HEFCE's website tells us that
at the first meeting the group agreed the following programme of work:Two points are of interest to me about this group.
- to map the current higher education system, so that there is a clear understanding of the contribution made by all the organisations and how they interact with universities, colleges and individual students
- to review the way that data is collected and used at present.
Firstly, consider the membership in terms of the individuals involved. I think only Alison Allden can claim any recent hands-on experience of 'the way that data is collected and used at present', given her time overseeing student administration at Bristol - but she was pretty high up at the time. her background is more in IT. Anthony McClaren spent about three years about fifteen years ago at a similar level of responsibility, before he became a quangocrat.
Now I have nothing against quangocrats. I have that on my CV too. But from this perspective the quangos, not the institutions, are the ivory towers.
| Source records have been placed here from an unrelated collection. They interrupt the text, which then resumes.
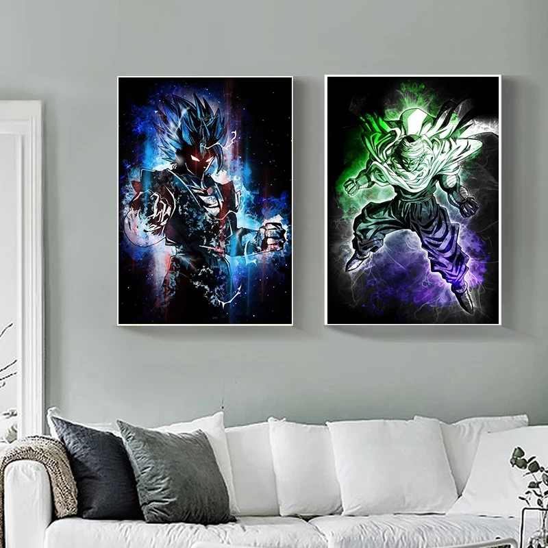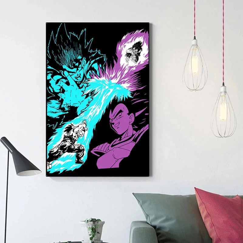 Японское аниме, холст, живопись Гоку, драконий жемчуг Z Vs Вегета, плакаты и принты, Настенная роспись, картина для детской комнаты, домашний декор
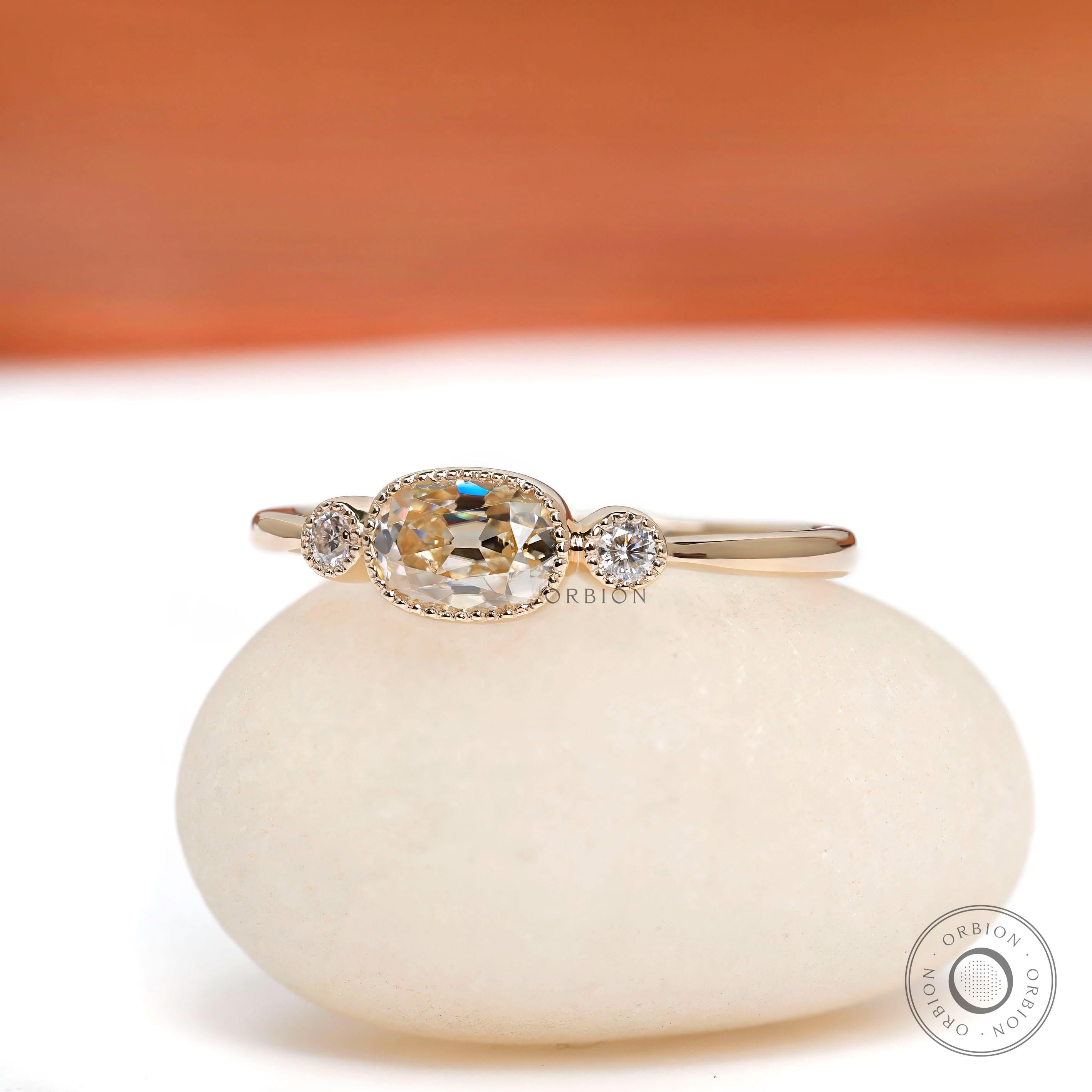 Three Stone Lab Grown Diamond Trilogy Engagement Ring OEC Moissanite Side Stones 14k Yellow Gold Georgian Style Antique Ring Women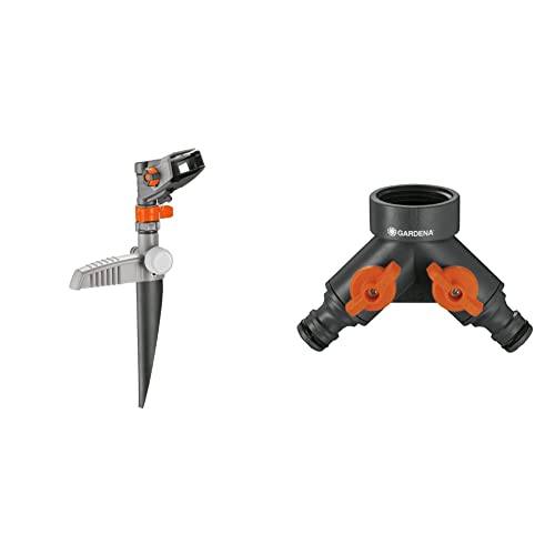 Arroseur-Canon sur pic Comfort de Gardena : arroseur de Grande Surface pour l'arrosage de Surfaces de 75 à 490 m² & Vanne à 2 Voies: Distributeur d'eau pour Robinet avec Filetage de 26,5 mm

Life looks very different to those of us in the gutter, and the group doesn't seem to have given itself membership with the experience to do the job it has set itself.
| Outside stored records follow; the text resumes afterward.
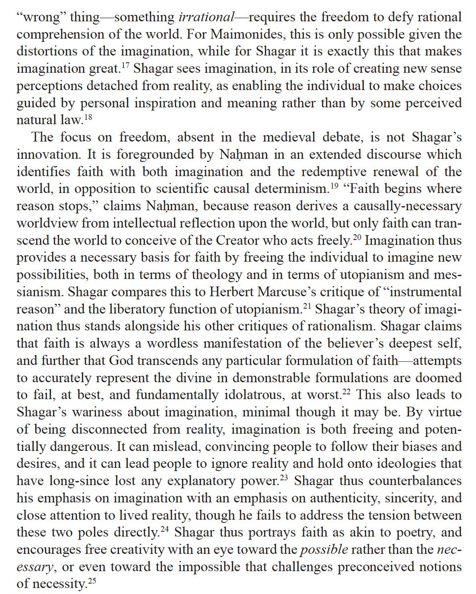 From the medieval discussion, Rav Shagar draws the idea of imagination as creative (Rambam) and inspirational (R. Yehuda Halevi)—critical elements, for Rav Shagar, of freedom and faith.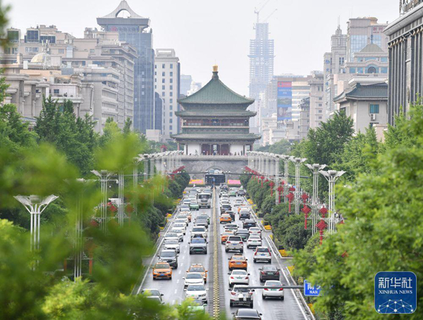 ↑這是5月15日拍攝的西安鐘樓。新華社記者 張博文 攝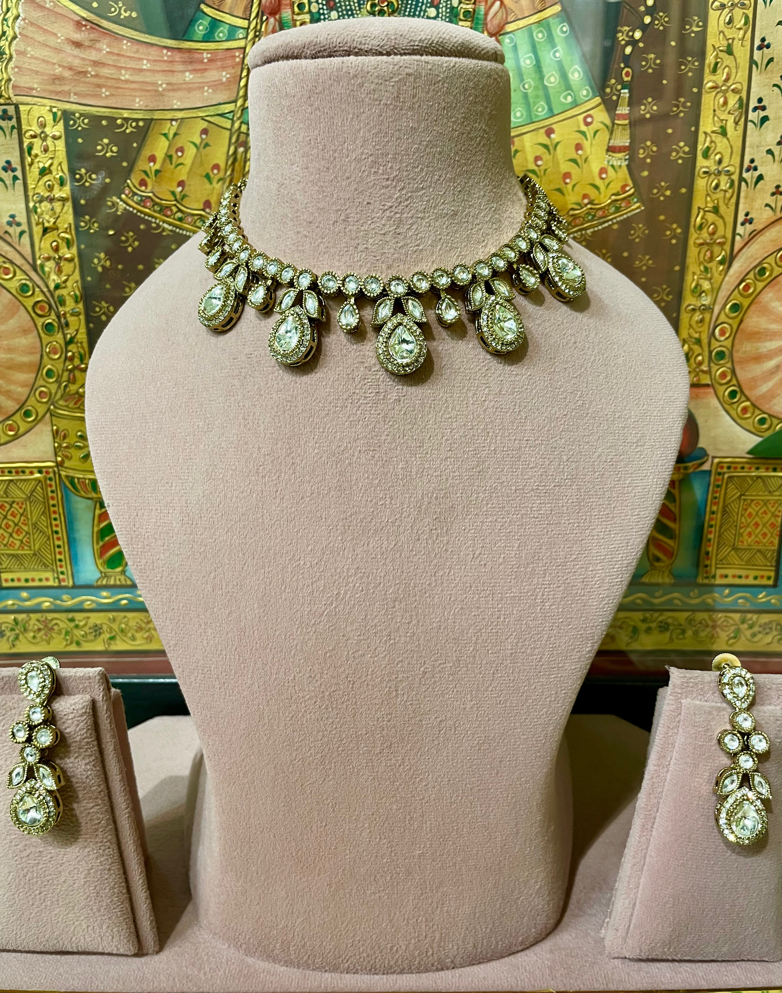 NEUTRAL KUNDAN MOISSANITE MONALISA SLEEK NECKLACE SET

Secondly, consider the membership in terms of the sector experience and background they represent. When the HEFCE Board was last refreshed, I commented that the chance to strengthen its experience of regulating private sector organisations had been missed. Now the chance to bring that perspective on board has been missed again.
There are two key transitions towards the marketised HE sector which the Government envisaged but which are not coming about. One is that new market entrants are not coming forward - not at all as far as I can see but certainly not at the rate that existing private providers are going out of business. The other is that HEFCE is not managing the transformation needed in its own role as shown not only here and in the Board issue I blogged about earlier, but also in the way it is taking forward a more interventionist approach to data management even as we speak (I got my first set of queries from HEFCE under this policy earlier today, as it happens).
There would be a neat irony if these two failures cancelled each other out, but much as I love irony I can't quite see it. There are still going to be quite a few private providers who will survive the UKBA well enough to enter the new world and fall under HEFCE regulation. The regulatory system is going to have to adapt. The longer we take to start making this transition, the more abrupt and painful it will be.